[What the task requires] When copying the records below, keep every word as it is and drop the images.

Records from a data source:
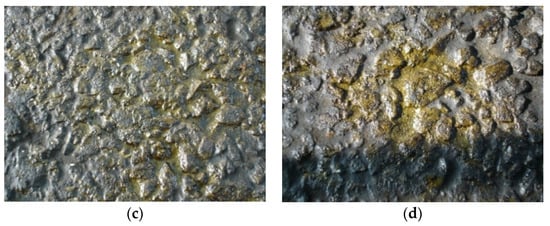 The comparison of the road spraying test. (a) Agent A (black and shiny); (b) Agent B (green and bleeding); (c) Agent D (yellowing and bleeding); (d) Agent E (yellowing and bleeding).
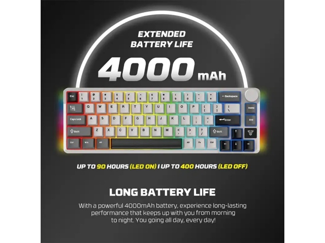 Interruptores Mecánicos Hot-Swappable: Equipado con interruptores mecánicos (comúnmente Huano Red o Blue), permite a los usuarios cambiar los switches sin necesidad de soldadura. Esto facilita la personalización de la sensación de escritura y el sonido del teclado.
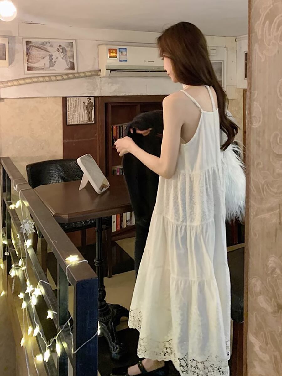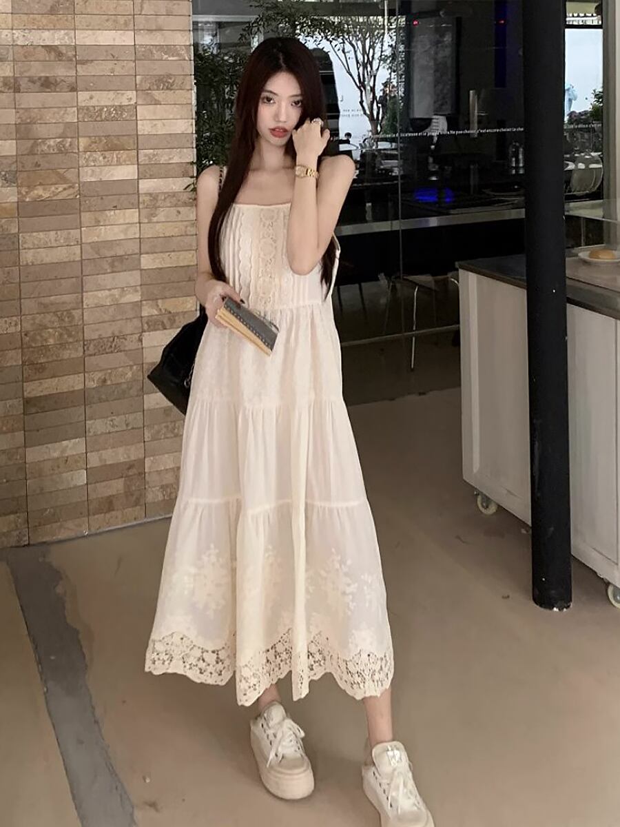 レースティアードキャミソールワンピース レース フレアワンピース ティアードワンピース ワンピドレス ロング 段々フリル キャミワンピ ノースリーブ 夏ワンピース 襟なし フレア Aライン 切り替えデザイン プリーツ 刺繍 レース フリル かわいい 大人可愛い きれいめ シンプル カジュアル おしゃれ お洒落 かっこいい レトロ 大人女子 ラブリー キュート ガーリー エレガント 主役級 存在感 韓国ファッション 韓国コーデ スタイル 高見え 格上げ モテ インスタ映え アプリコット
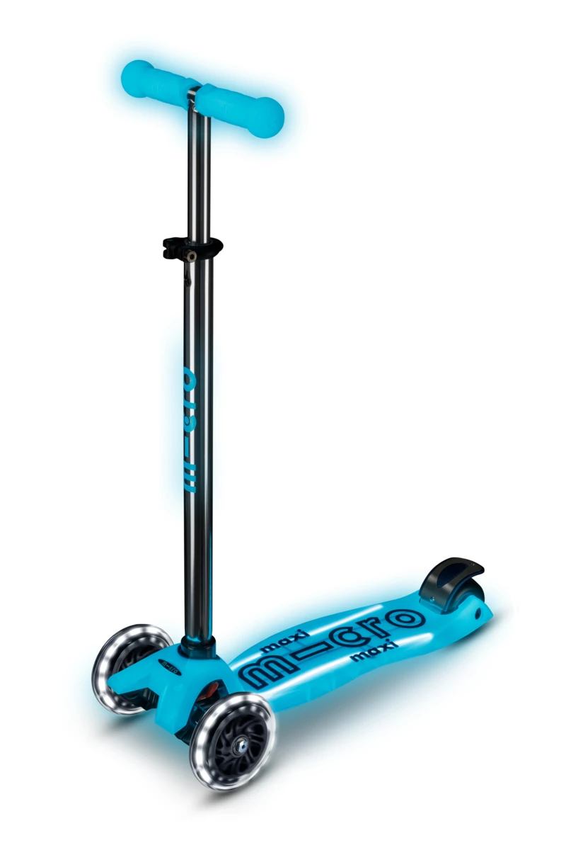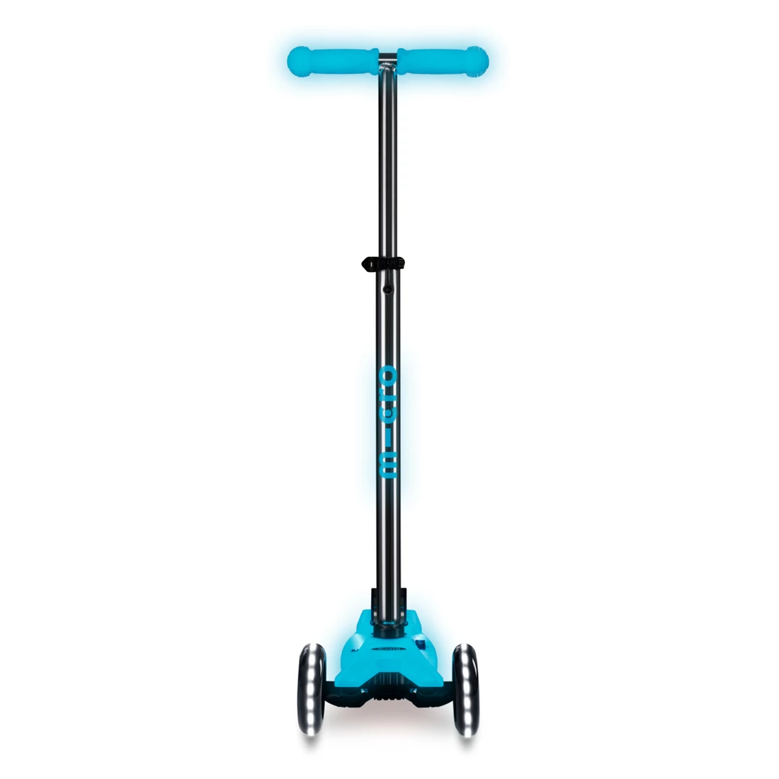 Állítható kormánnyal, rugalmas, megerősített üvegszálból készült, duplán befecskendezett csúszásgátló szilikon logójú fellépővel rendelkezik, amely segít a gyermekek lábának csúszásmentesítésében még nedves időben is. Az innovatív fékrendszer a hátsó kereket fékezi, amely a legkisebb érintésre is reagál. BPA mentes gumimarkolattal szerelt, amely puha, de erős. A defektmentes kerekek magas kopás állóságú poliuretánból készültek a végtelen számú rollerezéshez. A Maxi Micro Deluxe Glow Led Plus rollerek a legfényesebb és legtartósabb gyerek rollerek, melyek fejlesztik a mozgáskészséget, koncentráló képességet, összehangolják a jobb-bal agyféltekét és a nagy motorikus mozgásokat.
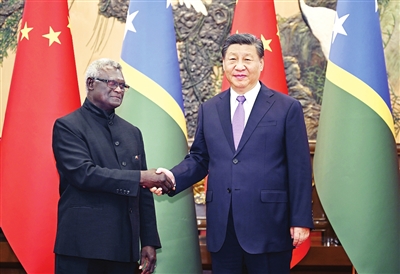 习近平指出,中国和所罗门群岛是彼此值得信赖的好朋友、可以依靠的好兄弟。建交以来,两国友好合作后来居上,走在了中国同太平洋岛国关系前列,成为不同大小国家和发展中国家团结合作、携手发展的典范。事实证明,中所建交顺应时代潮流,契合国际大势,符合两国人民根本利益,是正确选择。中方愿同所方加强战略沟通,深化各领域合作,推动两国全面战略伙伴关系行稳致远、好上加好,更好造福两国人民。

[Answer to this task]
 The comparison of the road spraying test. (a) Agent A (black and shiny); (b) Agent B (green and bleeding); (c) Agent D (yellowing and bleeding); (d) Agent E (yellowing and bleeding).
 Interruptores Mecánicos Hot-Swappable: Equipado con interruptores mecánicos (comúnmente Huano Red o Blue), permite a los usuarios cambiar los switches sin necesidad de soldadura. Esto facilita la personalización de la sensación de escritura y el sonido del teclado.
 レースティアードキャミソールワンピース レース フレアワンピース ティアードワンピース ワンピドレス ロング 段々フリル キャミワンピ ノースリーブ 夏ワンピース 襟なし フレア Aライン 切り替えデザイン プリーツ 刺繍 レース フリル かわいい 大人可愛い きれいめ シンプル カジュアル おしゃれ お洒落 かっこいい レトロ 大人女子 ラブリー キュート ガーリー エレガント 主役級 存在感 韓国ファッション 韓国コーデ スタイル 高見え 格上げ モテ インスタ映え アプリコット
 Állítható kormánnyal, rugalmas, megerősített üvegszálból készült, duplán befecskendezett csúszásgátló szilikon logójú fellépővel rendelkezik, amely segít a gyermekek lábának csúszásmentesítésében még nedves időben is. Az innovatív fékrendszer a hátsó kereket fékezi, amely a legkisebb érintésre is reagál. BPA mentes gumimarkolattal szerelt, amely puha, de erős. A defektmentes kerekek magas kopás állóságú poliuretánból készültek a végtelen számú rollerezéshez. A Maxi Micro Deluxe Glow Led Plus rollerek a legfényesebb és legtartósabb gyerek rollerek, melyek fejlesztik a mozgáskészséget, koncentráló képességet, összehangolják a jobb-bal agyféltekét és a nagy motorikus mozgásokat.
 习近平指出,中国和所罗门群岛是彼此值得信赖的好朋友、可以依靠的好兄弟。建交以来,两国友好合作后来居上,走在了中国同太平洋岛国关系前列,成为不同大小国家和发展中国家团结合作、携手发展的典范。事实证明,中所建交顺应时代潮流,契合国际大势,符合两国人民根本利益,是正确选择。中方愿同所方加强战略沟通,深化各领域合作,推动两国全面战略伙伴关系行稳致远、好上加好,更好造福两国人民。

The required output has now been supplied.